JSON over HTTP remains the lingua franca for public APIs, BFFs, and many internal calls because it is debuggable with curl, visible in proxies, and understood by every language.

REST fits resource-oriented domains: you model nouns, use standard verbs, and leverage HTTP semantics (caching, status codes, content negotiation). For internal microservices, teams often standardize on JSON + OpenAPI (see contract-first design) and enforce timeouts and retries at the client (covered in Resilience Patterns).

Spring client options

ClientCharacteristicsWhen to use
RestTemplate Blocking, mature, maintenance mode. Legacy codebases; avoid for new services.
WebClient Reactive/non-blocking, Spring 5+ default. New code; integrates with Project Reactor; configure connection pools.
OpenFeign Declarative interfaces + Spring Cloud integration. Many similar CRUD calls; pair with LoadBalancer + resilience4j.
WebClient + timeout
@Bean
WebClient inventoryWebClient(WebClient.Builder builder) {
    HttpClient http = HttpClient.create()
        .responseTimeout(Duration.ofSeconds(2));
    return builder
        .clientConnector(new ReactorClientHttpConnector(http))
        .baseUrl("http://inventory-service")
        .build();
}

public Mono<StockLevel> fetchStock(String sku) {
    return inventoryWebClient.get()
        .uri("/api/v1/stock/{sku}", sku)
        .retrieve()
        .bodyToMono(StockLevel.class);
}
🔬 Under the Hood

Each REST call typically allocates a socket, negotiates TLS, serializes JSON on the CPU, and waits for TCP ACKs. At hundreds of RPS per instance, connection pool sizing and keep-alive matter as much as algorithm choice.

gRPC — typed, fast, HTTP/2-native

gRPC uses Protocol Buffers for schema-first contracts and HTTP/2 for multiplexing, header compression, and optional bidirectional streaming.

Where REST sends self-describing JSON text, gRPC sends compact binary frames with strongly typed messages generated from .proto files. That yields smaller payloads and faster parsing—often 5–10× throughput improvements on high-volume internal paths, though benchmarks depend on message size and hardware. Unary calls feel like RPC; streaming suits live feeds, log tailing, and large result sets without pagination hacks.

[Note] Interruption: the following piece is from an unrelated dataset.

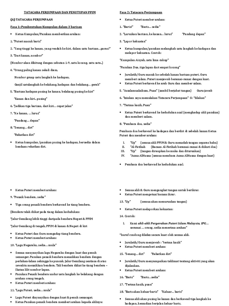 15 Ketua Puteri berkawad menemui Ketua Guru Pemimpin Guru Pemimpin. - Tatacara Perjumpaan Kedudukan Bendera Dalam Tatacara Perjumpaan. Up to 3 cash back Save Save Tatacara Perjumpaan Puteri Islam For Later.

REST vs gRPC (internal services)

AspectREST + JSONgRPC + Protobuf
ContractOpenAPI, optional codegenProtobuf required; strict evolution rules
Browser / public APINativeNeeds grpc-web proxy
StreamingSSE, chunked HTTP (awkward)First-class server/client/bidi streams
Debuggingcurl, browser devtoolsgrpcurl, wireshark with proto defs
Load balancersL7 HTTP familiarNeed L7 aware of HTTP/2 streams or client-side LB
order.proto excerpt
syntax = "proto3";
package orders.v1;

service OrderService {
  rpc GetOrder(GetOrderRequest) returns (OrderResponse);
  rpc StreamOrderEvents(StreamRequest) returns (stream OrderEvent);
}

message GetOrderRequest {
  string order_id = 1;
}

Spring Boot 3 integrates gRPC via grpc-spring-boot-starter: generated stubs, server interceptors for auth, and metadata propagation for tracing. Pair with service mesh mTLS for zero-trust internal calls.

💡 Pro Tip

Use gRPC for hot internal east-west traffic (payments ↔ ledger); keep REST at the north-south edge for mobile/web clients unless you standardize on grpc-web everywhere.

GraphQL — flexible queries, federation complexity

GraphQL lets clients request exactly the fields they need in one round trip—powerful for varied UIs, challenging when ownership is split across many microservices.

In a monolith or single BFF, GraphQL resolvers map cleanly to database queries. In microservices, each field might call another service—classic N+1 problem becomes N+1 HTTP/gRPC calls unless you batch with DataLoader or pre-join via a dedicated read model (CQRS). Apollo Federation (and similar) lets each service expose a subgraph; a gateway stitches the supergraph, but operational ownership of schema changes becomes a platform concern.

GraphQL fits when:

  • Multiple clients (web, iOS, Android) need different field shapes from the same backend.
  • You expose a BFF or federated graph with a team maintaining schema governance.
  • Read-heavy workloads tolerate resolver-level caching.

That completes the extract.